Published Friday 16 January 2004 at 12:30 by Susan Elkin

The epic grandiloquence of Philip Pullman’s breathtakingly subversive novels - centuries after the Inquisition it still feels liberatingly daring to be so overtly critical of church authority - upon which His Dark Materials is based makes this two-part play one of the most ambitious projects ever undertaken in the theatre. But how Nicholas Hytner and his team bring it off.

The whole thrums with theatrical tension, ideas, action and spectacle in two substantial plays. The good versus evil plot weaves between a quasi-medieval Oxford, repressively controlled by chilling Catholic clerics, and its 21st century traffic-clogged incarnation. Threaded between are other geographical locations both real and imaginary - from Arctic plains and lands populated by splendidly masked armoured bears, witches and other forces to a grey, harpy-run Hell.

Rarely can the Olivier’s full revolve, operating in several planes to reveal set after set, have been so imaginatively used.
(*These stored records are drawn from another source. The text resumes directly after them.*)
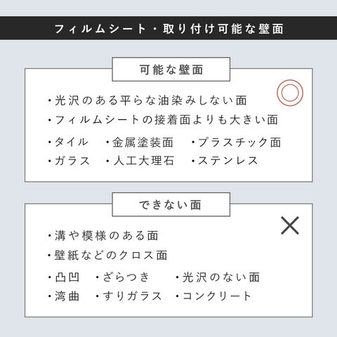 壁面にやさしいフィルムシートで、簡単に貼りやすく剥がしやすい。
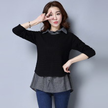 衬衫领假两件针织衫女短款春秋韩版百搭套头毛衣气质拼接打底衫潮
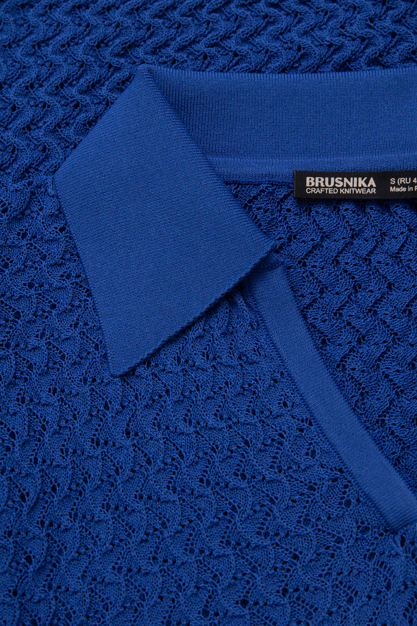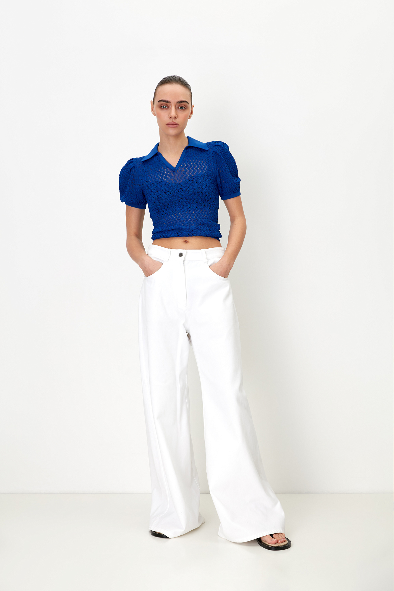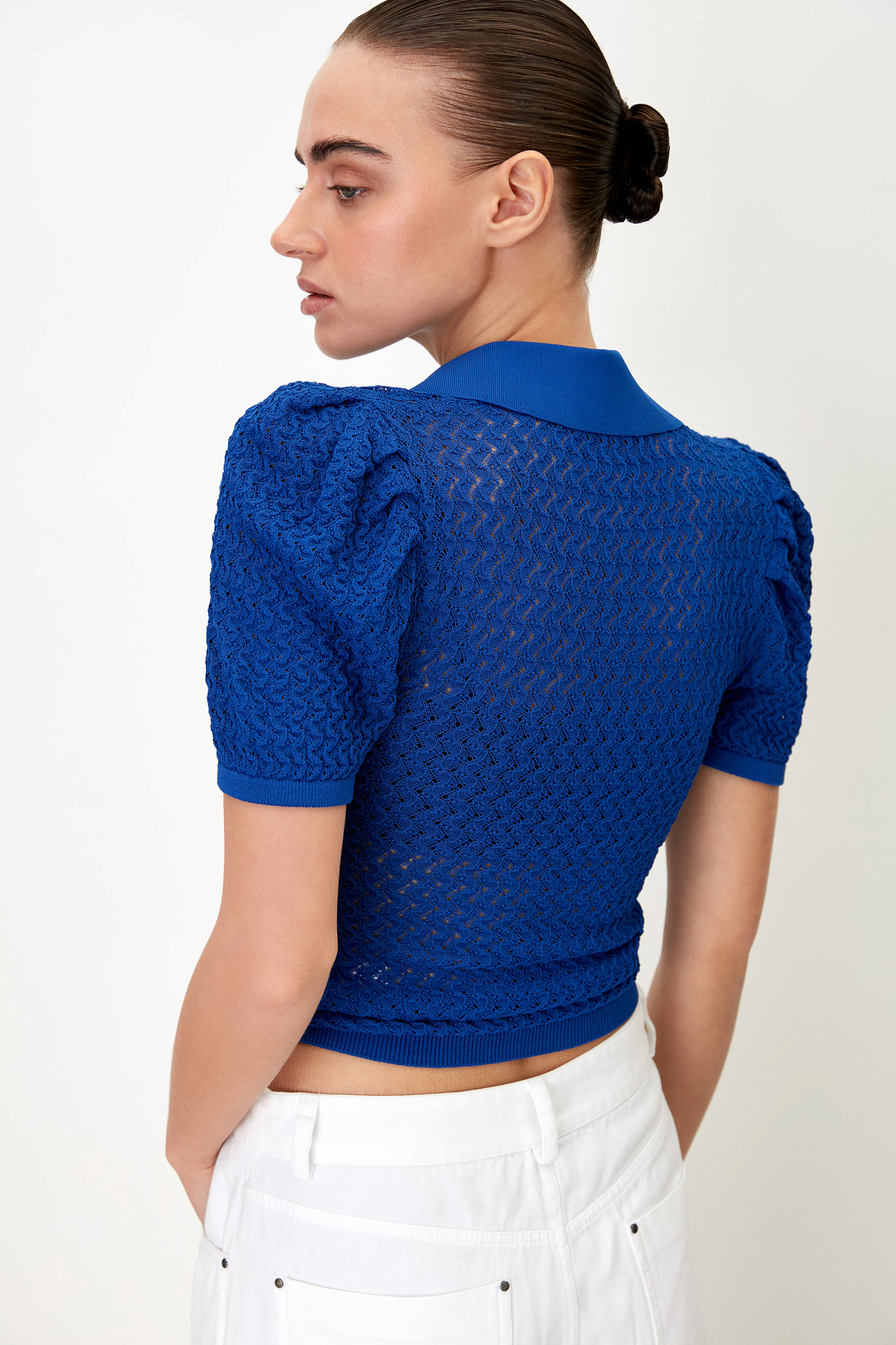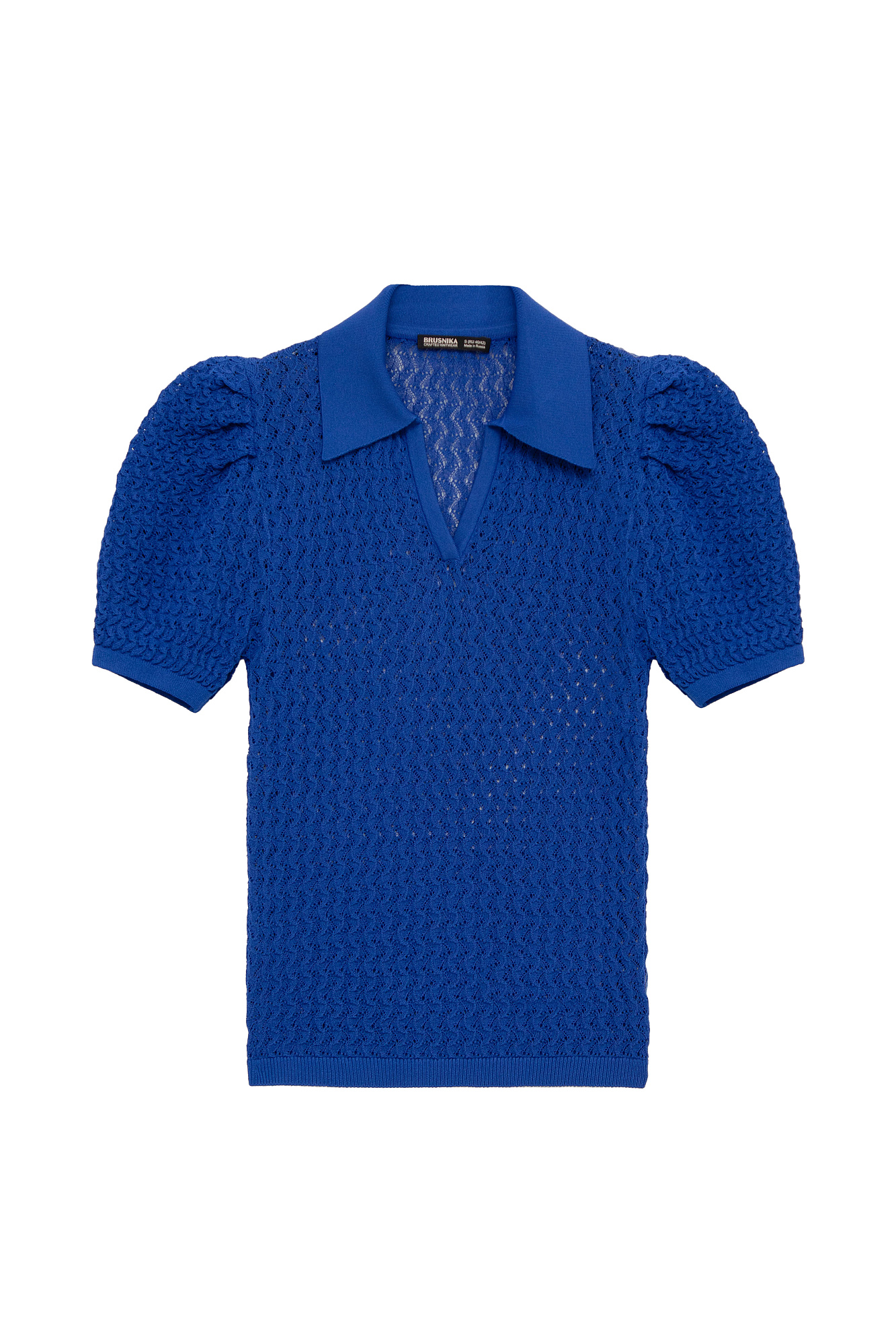 Трикотажная ажурная футболка из вискозы. Модель приталенного силуэта с воротником-поло и коротким рукавом-фонариком.

It is almost filmic - the curtain call, taken by the 50-plus backstage crew at the end, is richly deserved.

In Pullman’s fictional worlds, most humans are attached to personal daemons - animal-shaped physical manifestations of the individual soul. Glowing, never-still puppets are lithely operated, Japanese style, by masked black-clad shadows. They add an unexpected dramatic depth - their reactions, effectively, a subtextual commentary on the thoughts of their alter egos.
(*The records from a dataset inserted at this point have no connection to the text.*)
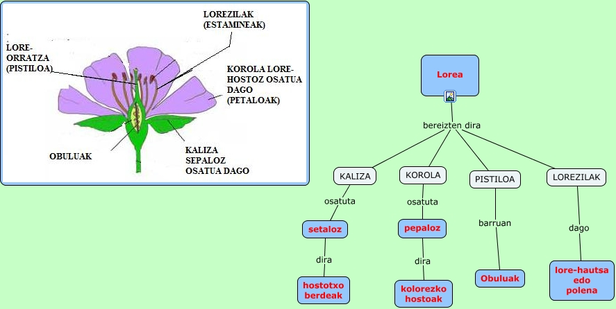 IHMC CmapTools-ekin sortu den kontzeptu-mapa honek honi buruzko informazioa du: FLOR_Partes, KALIZA osatuta setaloz, Lorea bereizten dira LOREZILAK, Lorea bereizten dira PISTILOA, pepaloz dira kolorezko hostoak, LOREZILAK dago lore-hautsa edo polena, Lorea bereizten dira KALIZA, setaloz dira hostotxo berdeak, Lorea bereizten dira KOROLA, KOROLA osatuta pepaloz, PISTILOA barruan Obuluak
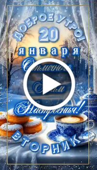 Видеооткрытка "Доброе утро! 20 января. Отличного Вам настроения! Вторник."
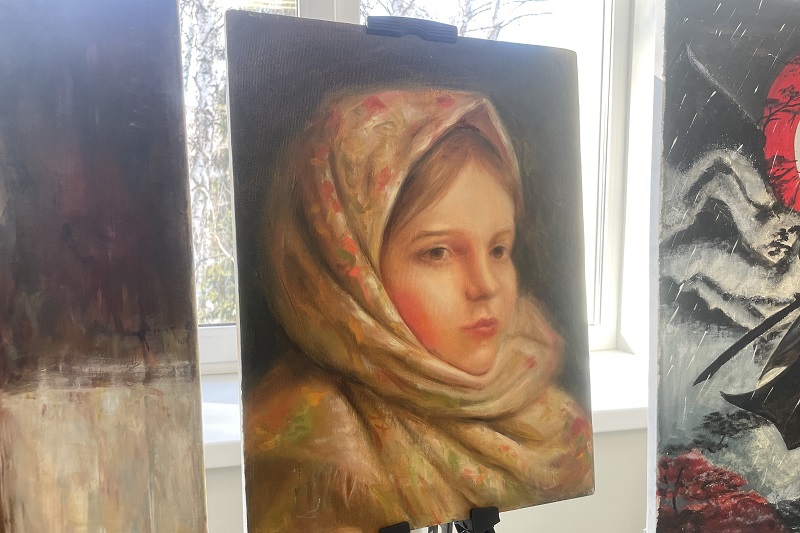 14.02.2025 On the second floor of the building “L”, next to the SIBUR company brand zone, an exposition of paintings by students of the Institute of Light Industry, Fashion and Design of KNRTU is presented. “The exhibition originated spontaneously. A kind of incentive for the exhibition organization was the acquaintance of First-Year Bachelor’s Degree students with KNRTU laboratories: we gave a task to write what the university is associated with. First-year and senior students, as well as undergraduates and graduates presented their works” - said Elena Zabello, Chair of the Educational Workshop of the Department of Service Technologies. The paintings presented at the exhibition are painted in various techniques – these are oil, acrylic and graphic works. The subjects also vary: from psychological portraits of women to the inner spaces of the university. In one of the paintings, students easily recognize the university’s semi-rotunda with the colonnade of Building “A”. “In my opinion, the main building of KNRTU with a colonnade looks majestic and therefore is associated with the university. The second of my paintings at the exhibition depicts Kremlin: Kazan inspires me with its architecture,” explains Anastasia Larina, First-Year Bachelor’s Degree student. From another canvas, a girl with a scarf with Russian ornaments looks thoughtfully towards the audience. The author of this painting was jointly searched for a long time by the Press Center of KNRTU and faculty of the Institute of Light Industry, Fashion and Design. When the artist was found, it turned out that at the time of the creation of this article she was abroad: after graduation she worked as a senior lecturer at the Institute of Light Industry, Fashion and Design, and later moved to Turkiye, where she is now working in the field of interior design. “I was surprised when I got the call: I gave the painting of a girl in a scarf to the Institute back in 2018. At the class, we were given a reference, which was the first time I painted with oil paints. We studied a special technique: the base had to be pressed into the canvas with fingers, and the details of the drawing had to be painted with a brush. The canvas came out realistic. The best pieces were requested by the faculty to be left at the Department. Unexpectedly, the girl in a scarf that I loved became an exhibit six years later,” says Ekaterina Yarullina, a graduate of KNRTU.
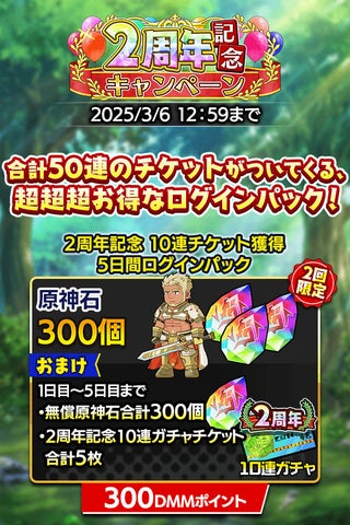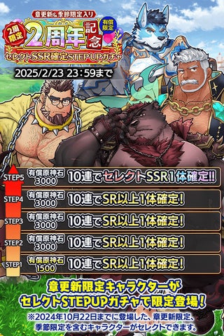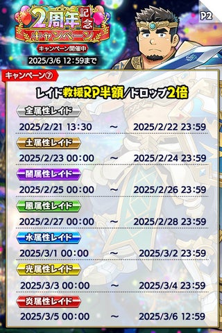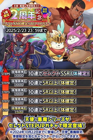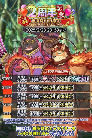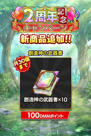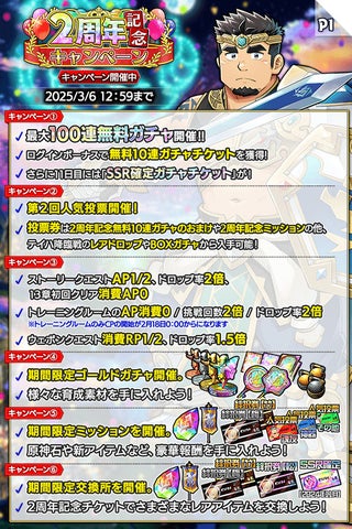 • 2周年記念キャンペーン開催:最大100連無料ガチャ、人気投票、各種クエスト促進キャンペーンなど
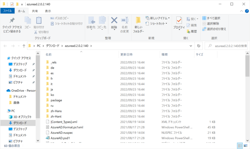 続いて、ブロック解除したファイル「azuread.x.x.x.nupkg」の拡張子を「zip」に変更し、解凍します。
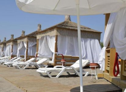 Собствен, пясъчен плаж. Чадъри, шезлонги и матраци на плажа и при басейна – безплатно. Плажни кърпи – безплатно.

At the heart of all this is the remarkable Anna Maxwell Martin, only 18 months out of LAMDA, playing the 12-year-old Lyra. An outstanding actress with an assured future before her, she brings to the part a combination of mercurial intensity, truculence, passion and waspish humour.

Well supported by the sensitively gravelly Dominic Cooper as Will Parry, Maxwell Martin adeptly sustains Lyra’s magnetism in this huge and demanding Hamlet-scale role.

Patricia Hodge turns in a characteristically assured performance as Lyra’s crisp mother, Mrs Coulter, who starts off pretty evil but eventually achieves a redemption of sorts. And Niamh Cusack makes her breathily high-voiced chief witch reasonably convincing, if a bit thin on range.

Timothy Dalton, however, inclines to woodenness and is sometimes guilty of garbling his words as Lord Asriel, especially in Part One.

Jonathan Dove’s atmospheric music for an eight-piece band, immaculately led by Stephen Ellis, is yet another highly successful strand in this deeply moving, profound but also gloriously entertaining production.